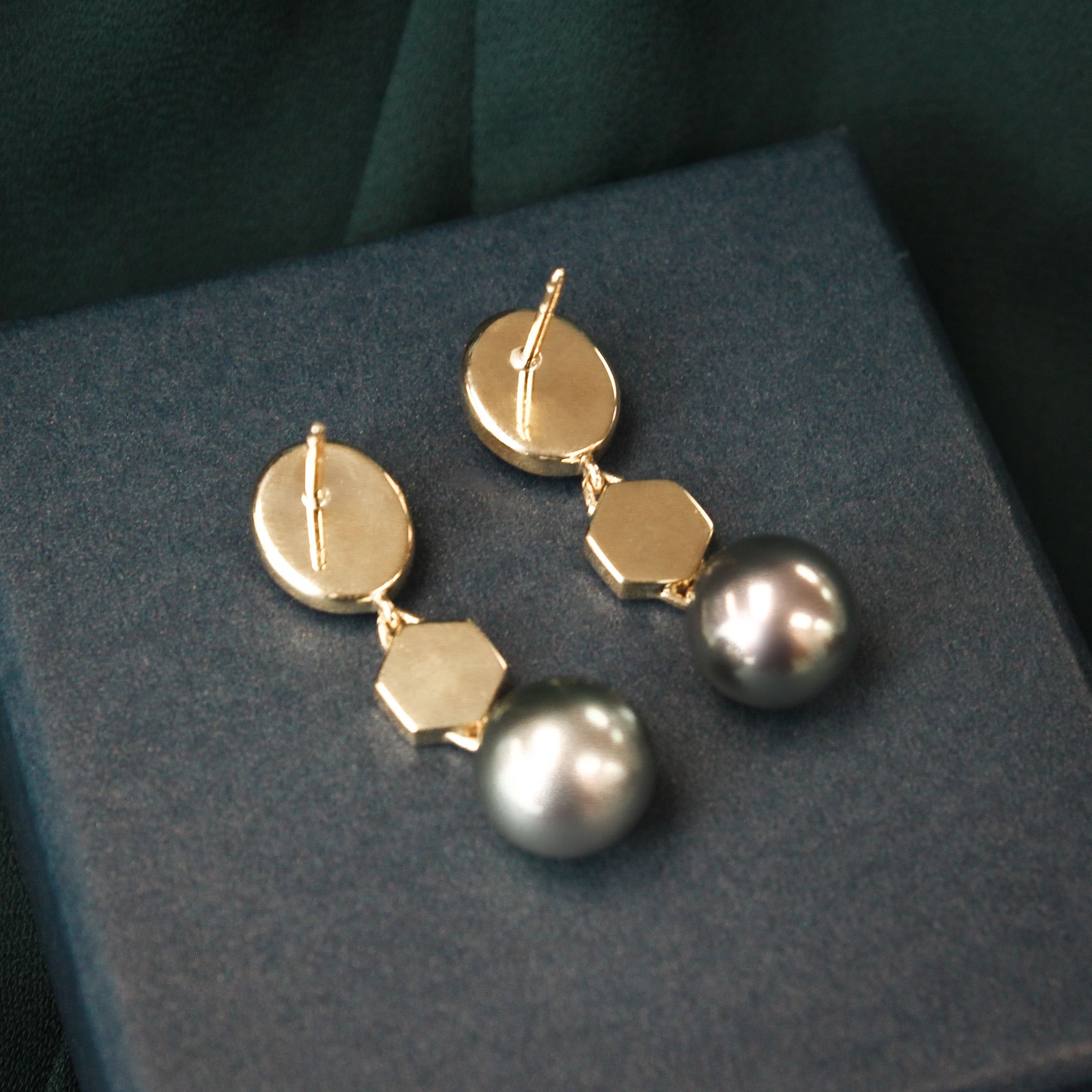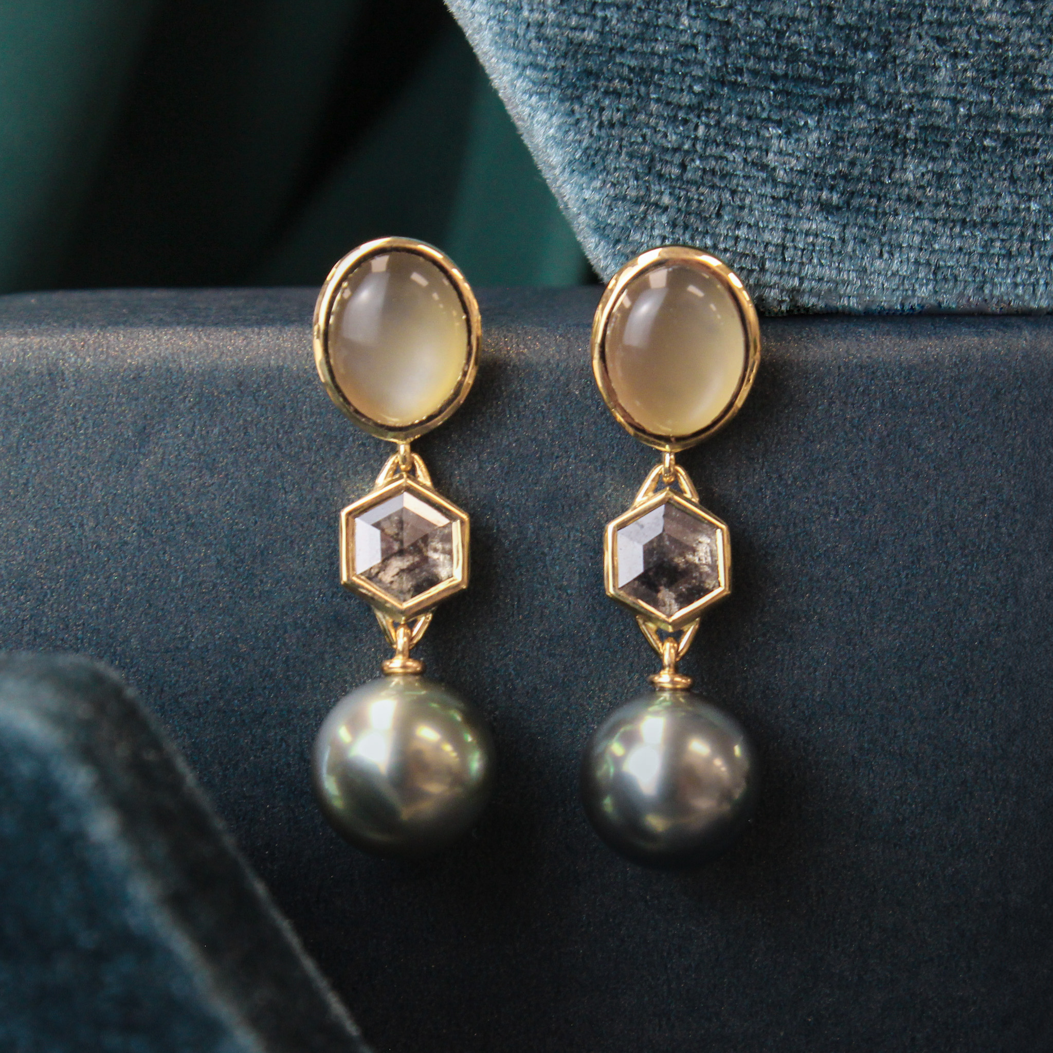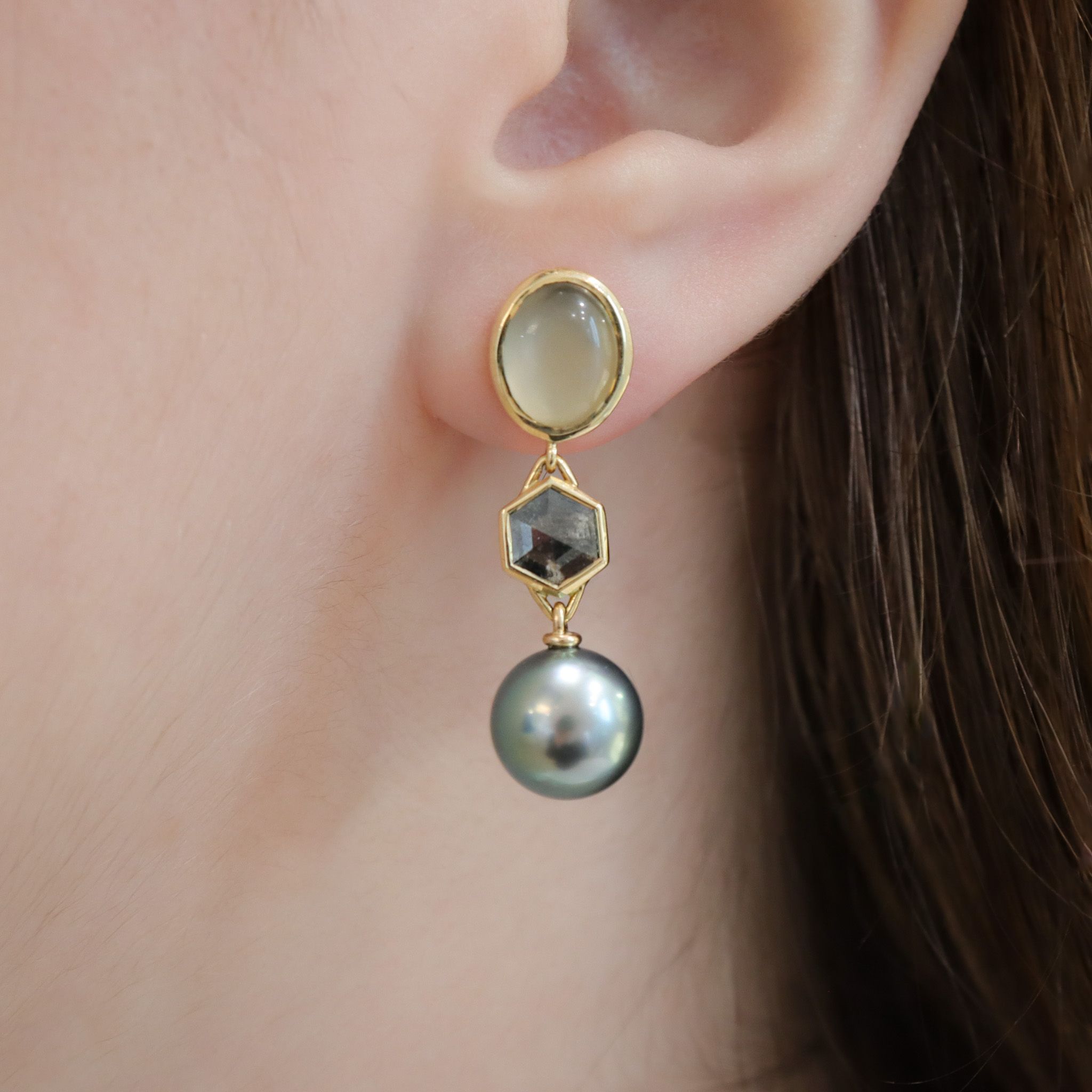 18ky Moonstone, Salt & Pepper Diamond, and Pearl Drops
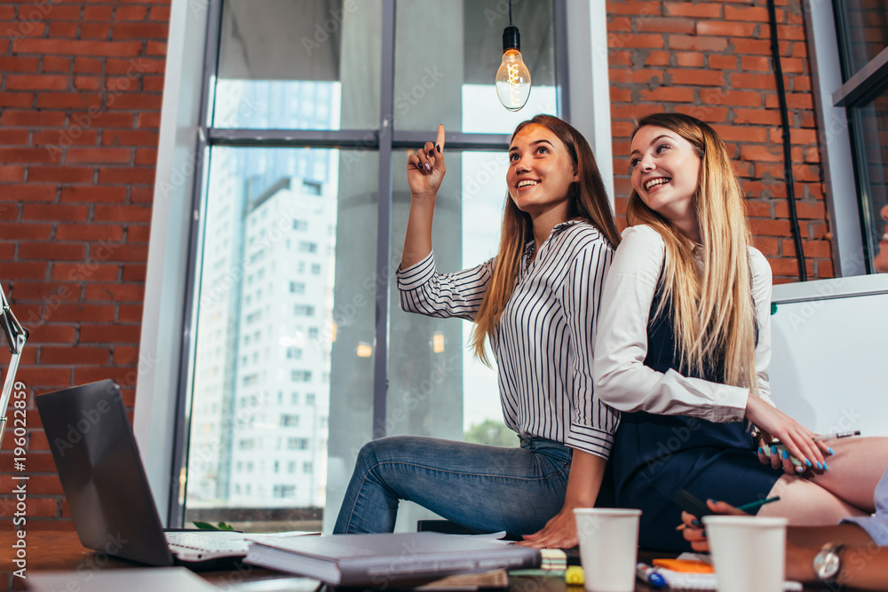 Students sitting together on desk in classroom, a girl pointing at light bulb like having a brilliant idea.
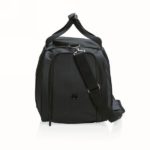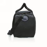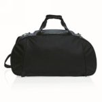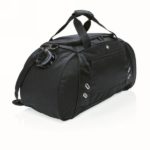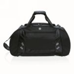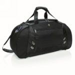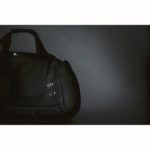 Sports, travel bag, made of 600D and 1680D polyesters, roomy main compartment with U shaped top closure, air vented side shoe compartment, zippered front pocket for small accessories, double handles, adjustable shoulder strap, PVC free
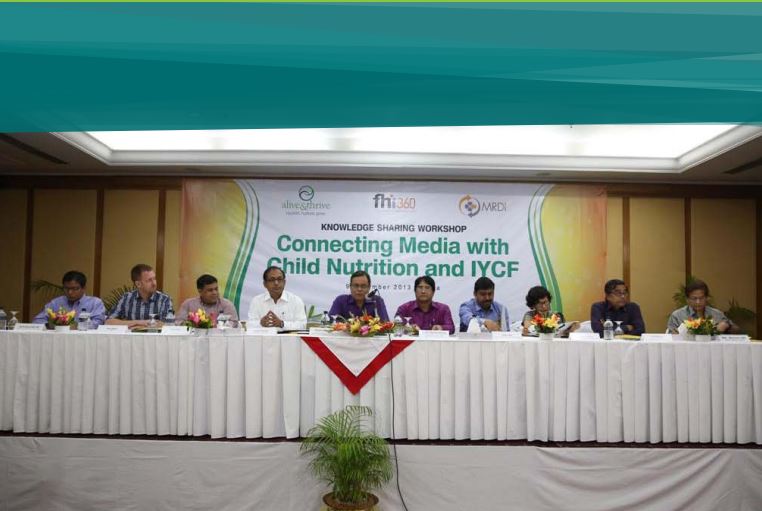 • Journalist training and sensitisation workshop on IYCF: a two-day residential training course for 23 health reporters from national print and electronic media, including "hands-on experience through mock interview sessions, story development, and feedback by seasoned journalists."
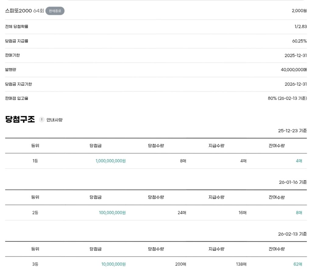 스피또2000 즉석복권 64회 출고율(판매점 입고율)은 80%입니다. 남은 수량은 아래 당첨구조를 참고하세요.
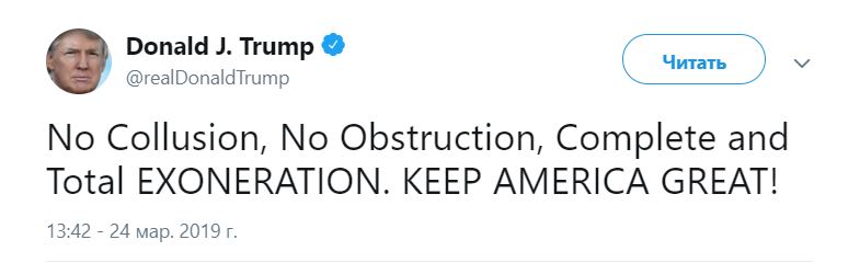 - Сам Трамп, молчавший в твиттере двое суток после новости о завершении расследования, счастлив: «Не было сговора, не было воспрепятствования правосудию, полное и абсолютное ОПРАВДАНИЕ!»
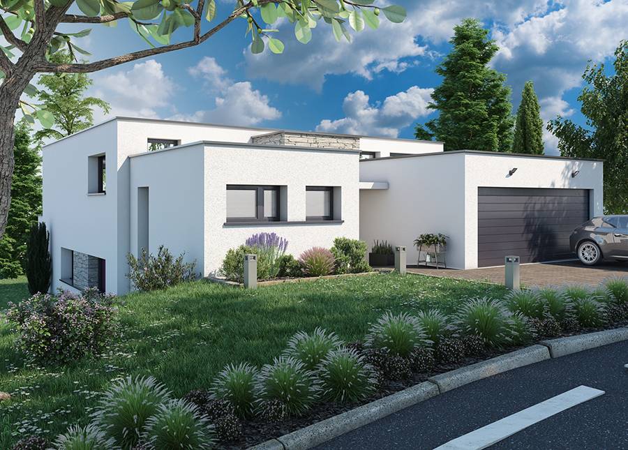 Reliefs et volumes. La villa, dotée d’un grand garage, est facile d’accès. Ses menuiseries gris-noir, l’utilisation d’enduits de façade de couleurs subtilement contrastées, blanc craie ou gris, mariés aux parements en pierre naturelle font de l’effet au premier regard.
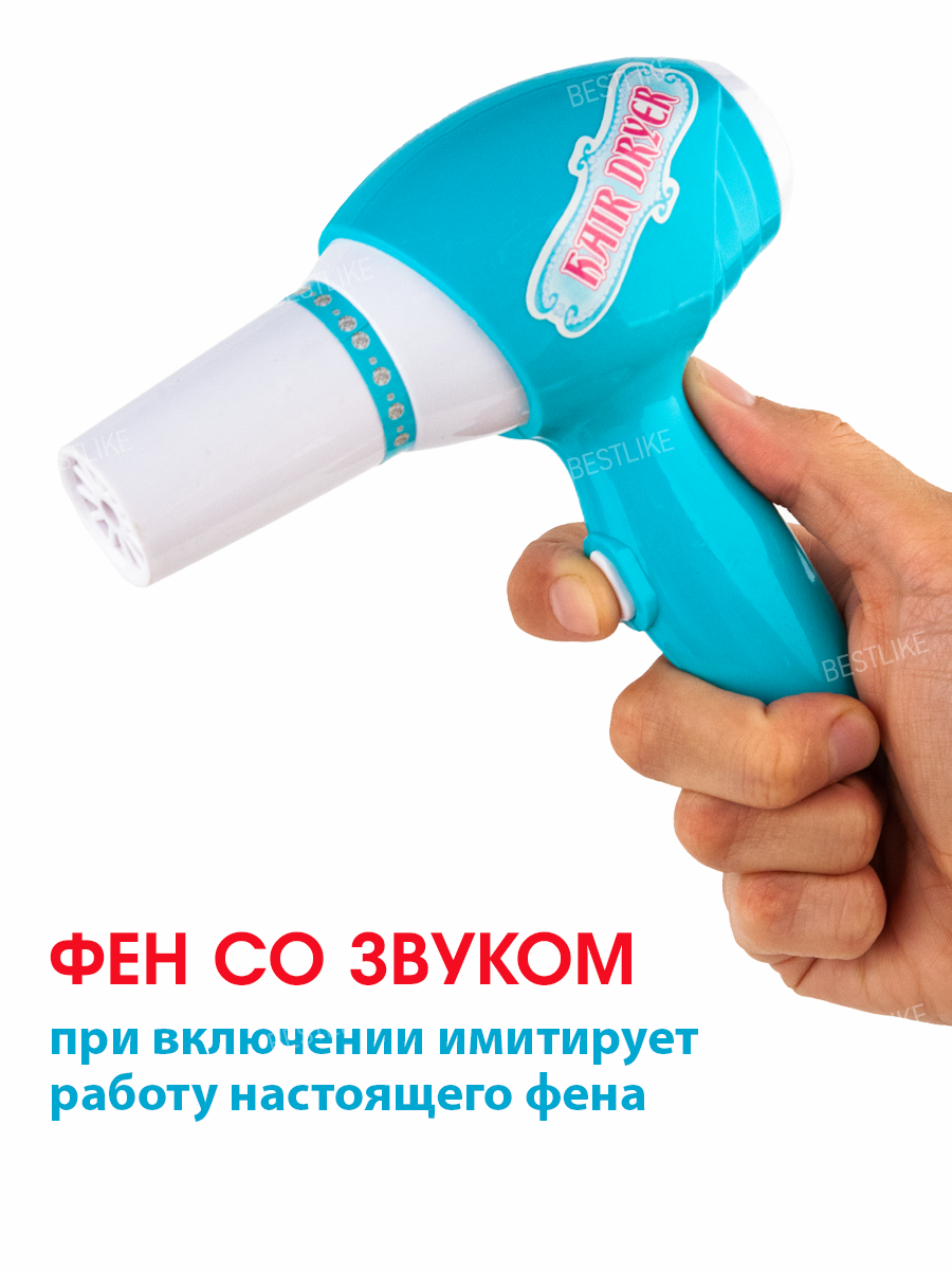 Детский салон красоты, фен со звуком, свет, звук интересное:

□ □ □

§ Work to complete
Copy every entry exactly, leaving out the pictures.

§ Response area
 18ky Moonstone, Salt & Pepper Diamond, and Pearl Drops
 Students sitting together on desk in classroom, a girl pointing at light bulb like having a brilliant idea.
 Sports, travel bag, made of 600D and 1680D polyesters, roomy main compartment with U shaped top closure, air vented side shoe compartment, zippered front pocket for small accessories, double handles, adjustable shoulder strap, PVC free
 • Journalist training and sensitisation workshop on IYCF: a two-day residential training course for 23 health reporters from national print and electronic media, including "hands-on experience through mock interview sessions, story development, and feedback by seasoned journalists."
 스피또2000 즉석복권 64회 출고율(판매점 입고율)은 80%입니다. 남은 수량은 아래 당첨구조를 참고하세요.
 - Сам Трамп, молчавший в твиттере двое суток после новости о завершении расследования, счастлив: «Не было сговора, не было воспрепятствования правосудию, полное и абсолютное ОПРАВДАНИЕ!»
 Reliefs et volumes. La villa, dotée d’un grand garage, est facile d’accès. Ses menuiseries gris-noir, l’utilisation d’enduits de façade de couleurs subtilement contrastées, blanc craie ou gris, mariés aux parements en pierre naturelle font de l’effet au premier regard.
 Детский салон красоты, фен со звуком, свет, звук интересное:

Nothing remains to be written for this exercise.